Face au risque d’effondrement économique et au risque de faillite en Europe de l’Est, à la fuite des capitaux, aux tentations protectionnistes, et sur fond de débat sur les risques de division de l’UE entre l’Est et l’Ouest, la question d’un plan de soutien au PECO s’est toutefois imposée comme le thème central lors du Conseil européen extraordinaire convoqué par la présidence tchèque, le 1er mars 2009. Dans le cadre d’un mini sommet qui réunissait neuf pays d’Europe centrale et orientale [2], en amont du Conseil européen, la Hongrie, particulièrement touchés par la crise, proposait quant à elle un plan d’aide de l’UE de 160 à 190 milliards d’euros pour le secteur financier des PECO en difficultés, permettant notamment le rééchelonnement de leur dette. Appuyée par la Pologne, la Hongrie demandait également une adhésion accélérée des pays ayant rejoints l’UE en 2004 à la zone euro (parmi les dix pays, seuls la Slovénie et la Slovaquie y sont entrés). La présidence tchèque et l’ensemble des autres Etats représentés lors de ce sommet appelaient plus généralement à la solidarité européenne et à bannir toute forme de protectionnisme.
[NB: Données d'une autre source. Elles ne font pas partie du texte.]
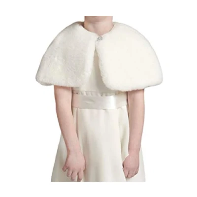 Flora Faux Fur Flower Girl Shrug/Child Bridesmaid Cover up with Diamante Brooch (Medium, Ivory)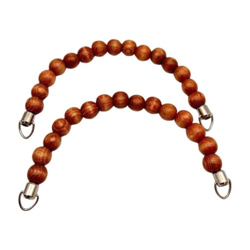 Çanta Aksesuar 21 Cm Taba Renk Ahşap Boncuklu Çift Çanta Sapı (Gümüş Metalli)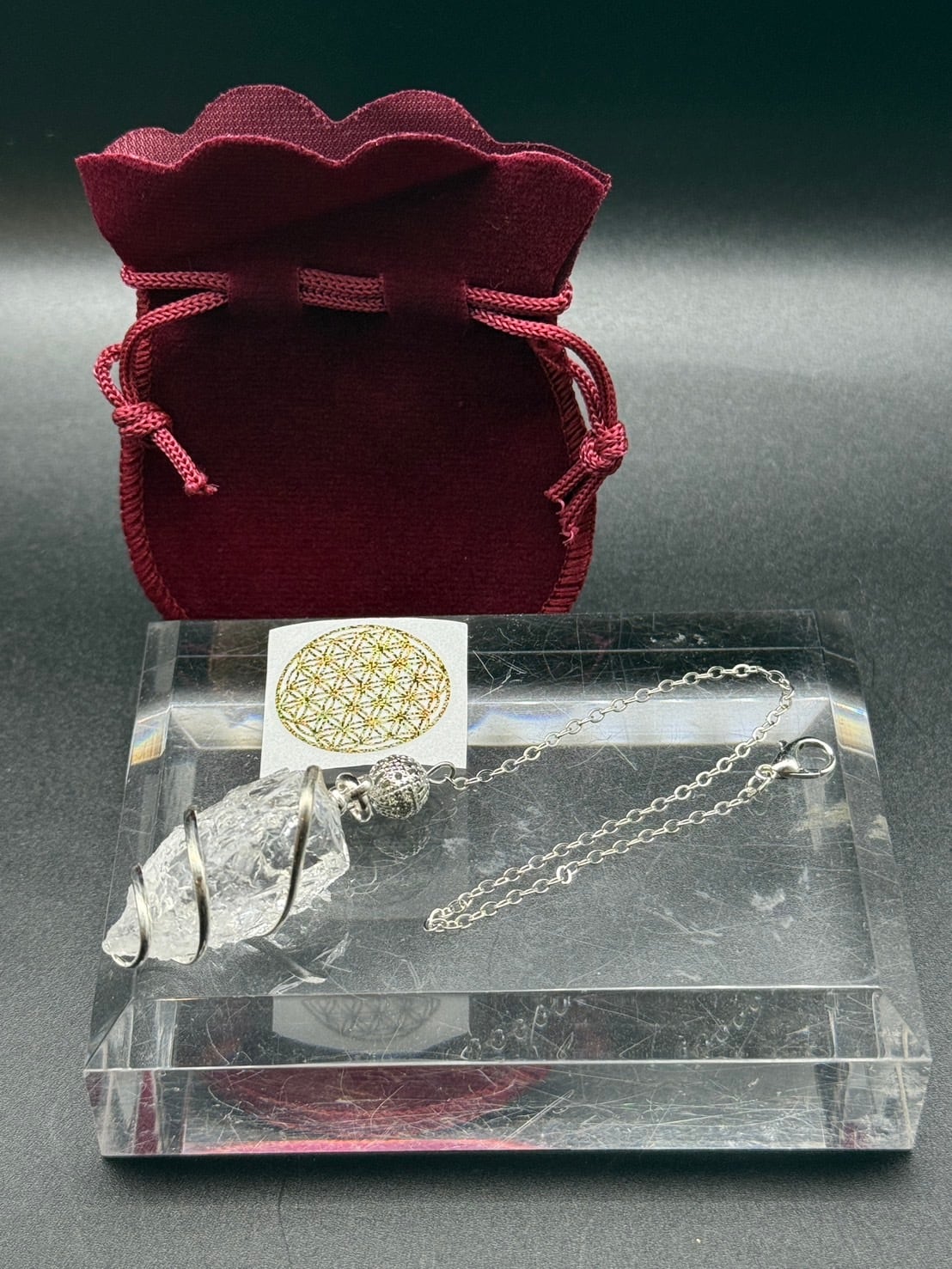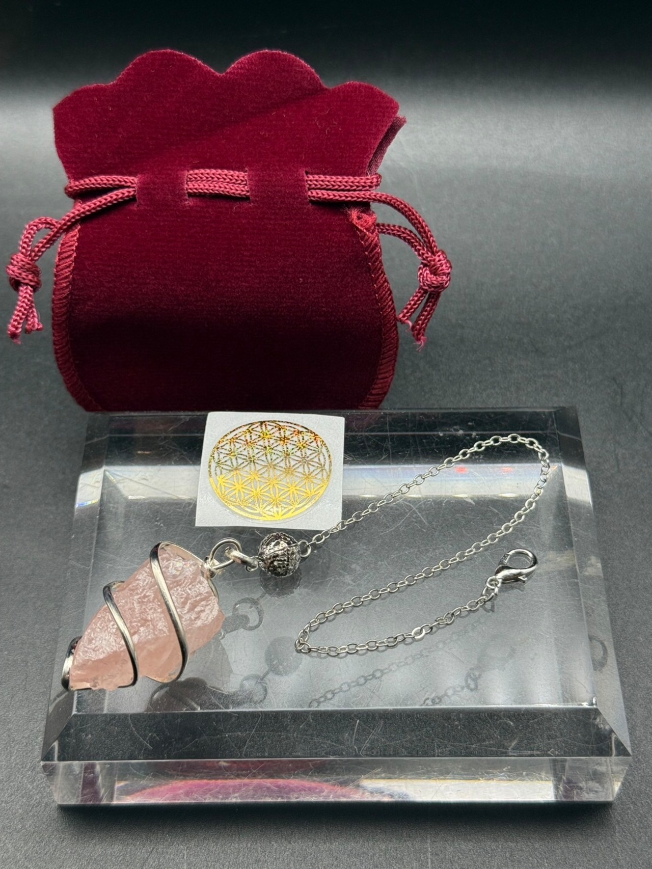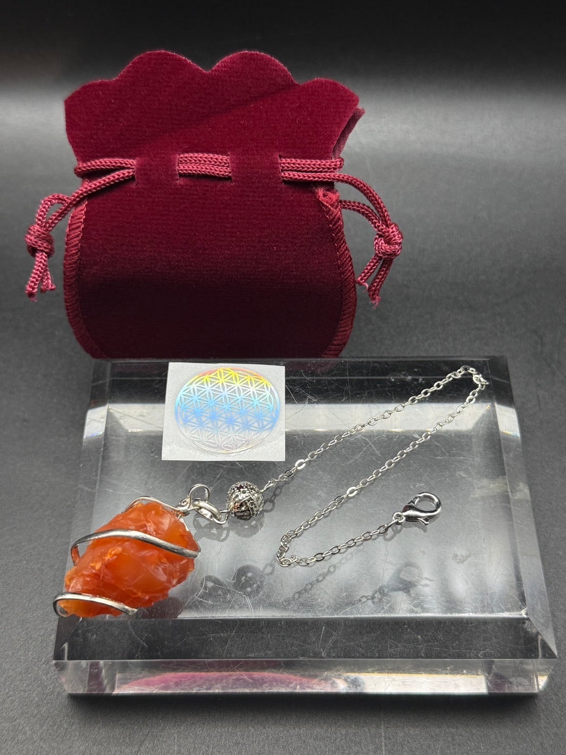 1 ペンデュラム(水晶またはローズクォーツまたはカーネリアンからお選びください。)

A l’issue du Conseil européen du 1er mars, les Etats membres, rangés derrière l’Allemagne et la présidence tchèque, se sont opposés à un plan spécifique en faveur des PECO, préférant procéder au cas par cas, en fonction de la situation particulière de chaque pays. Le communiqué publié à l’issue du Conseil rappelait "l’importance d’une stabilité macroéconomique dans l’ensemble de l’UE". Tout en insistant sur les "différences manifestes" entre les États membres d’Europe centrale et orientale, les chefs d’Etat et de gouvernement ont indiqué qu’une aide pour chacun des États membres confrontés à des déséquilibres temporaires serait envisagée. Il faut également préciser que quelques jours avant ce Conseil européen, la Banque européenne pour la Reconstruction et le Développement (BERD), la Banque mondiale et la Banque européenne d’investissement (BEI) décidaient de lancer une action commune pour venir en aide aux pays d’Europe centrale et orientale en débloquant 24,5 milliards d’euros sur la période 2009-2010, pour soutenir le système bancaire et l’économie réelle de ces pays.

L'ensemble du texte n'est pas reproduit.